In der vergangenen Woche meldeten sich die Medien mit korrekturbedürftigen Berichten über die inzwischen sehr gut etablierte kathetergestützte Einpflanzung biologischer Aortenklappen (kurz „TAVI“) am Klinikum Bayreuth zurück. Bedauerlicherweise trägt die auch dieses Mal mangelhaft recherchierte Berichterstattung wiederum nicht zur Klärung, sondern zu weiterer Verwirrung bei. Dies nicht nur bei Laien, sondern auch bei der Ärzteschaft in Bayreuth und Umgebung, wie es aus zahlreichen Anfragen an die Kardiologie hervorgeht. Das aktuelle Vorgehen des Aufsichtsrates der Klinikum Bayreuth GmbH mit (hoffentlich nur) vorübergehender Freistellung des Chefarztes der Kardiologie, Herrn Professor Höher, fördert nun die von der Presse seit fast 11 Monaten betriebene Vorverurteilung und Rufschädigung eines kompetenten und hochengagierten Herzspezialisten, mit ihm auch der gesamten Abteilung für Kardiologie. Es scheint den Verantwortlichen nicht bewusst, dass Verunsicherung und Vertrauensverlust bei der Bevölkerung nicht nur den Fortbestand des Klinikums als wirtschaftlich noch funktionierendes kommunales Krankenhaus, sondern noch schlimmer auch die Sicherheit von Patienten und potenziellen Patienten gefährden könnte.
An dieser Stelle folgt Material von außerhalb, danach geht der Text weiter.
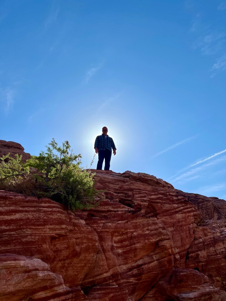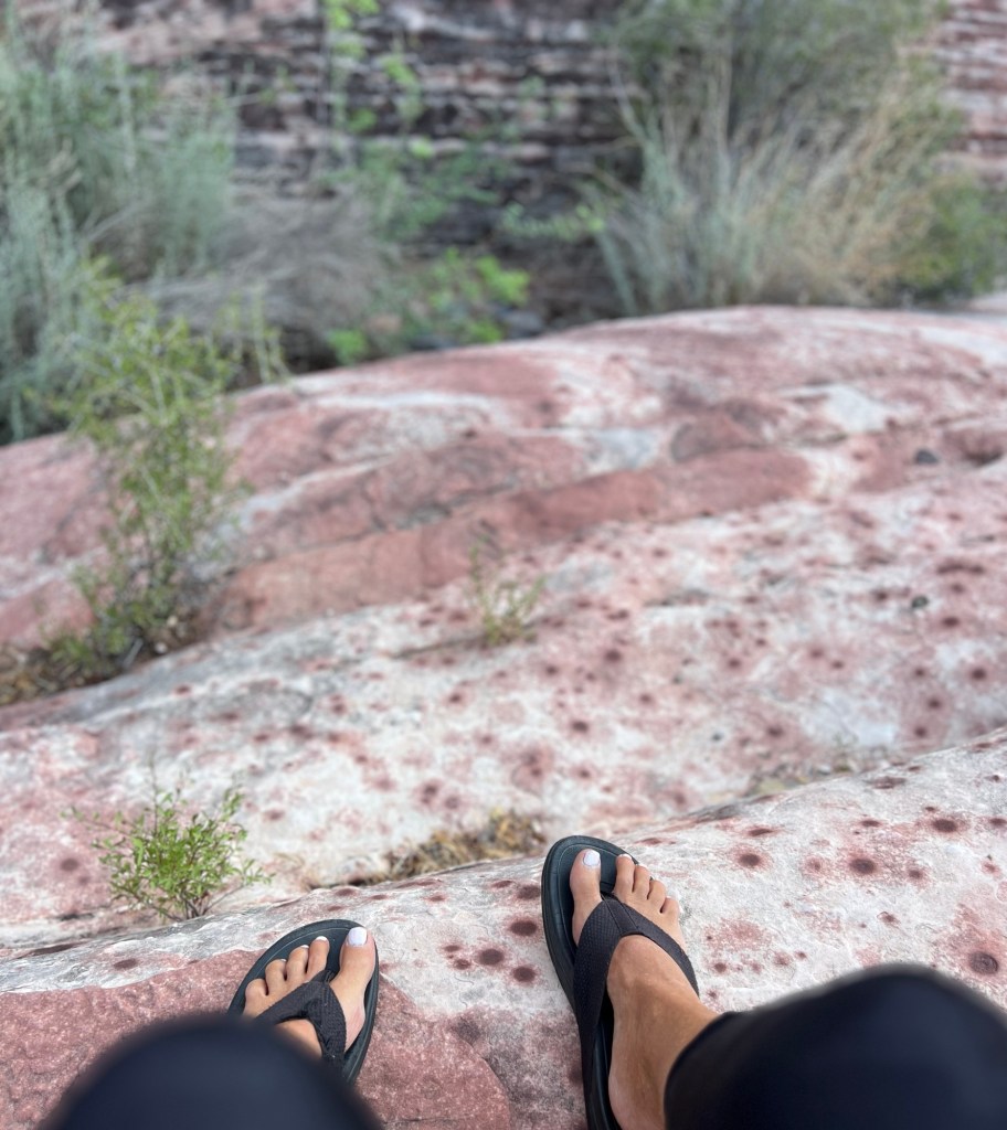 I have a slight head cold so up and out that early will be a little challenging. I was just in Red Rocks with my brother who assured me that flip flops would be fine to hike in since the paths were gravel and not steep. I will include a pic of the ‘easy non steep’ climb we did. It was super fun anyway, but you know, shoes would have been a good thing. G is saying sure, wear flip flops…

An der unseriösen Diffamierung eines hoch professionellen Arztes hat der hiesige Journalismus mit Bravour teilgenommen („Auftrag ausgeführt!“), an der Erklärung des medizinischen Sachverhaltes hingegen wiederholt erbärmlich versagt. Offensichtlich muss ein Mediziner/Kardiologe her, der an dieser Stelle zunächst die medizinische Sachlage allgemein verständlich darstellt:
Definitionen:
1.  Aortenklappe: Eine der vier so genannten Herzklappen („Ventile“), über die passiv der Blutstrom und die Blutströmungsrichtung durch das Herz geleitet werden. Die Aortenklappe liegt am Übergang von der linken Hauptkammer zur Hauptschlagader (Aorta) und ist im Verlauf des Lebens einer hohen Druckbelastung ausgesetzt.

2. Aortenklappenstenose: Wegen der lebenslangen hohen Druckbelastung ist diese Klappe in Abhängigkeit von unterschiedlichen Faktoren, u.a. Bluthochdruck, erhöhte Blutfette, genetische Anlagen, insbesondere im höheren Lebensalter für Verkalkungen anfällig, die sie zunehmend in ihrer Beweglichkeit einschränken können. In extremen Fällen führt dies zu einer kritischen Verengung dieser Klappe (Aortenklappenstenose).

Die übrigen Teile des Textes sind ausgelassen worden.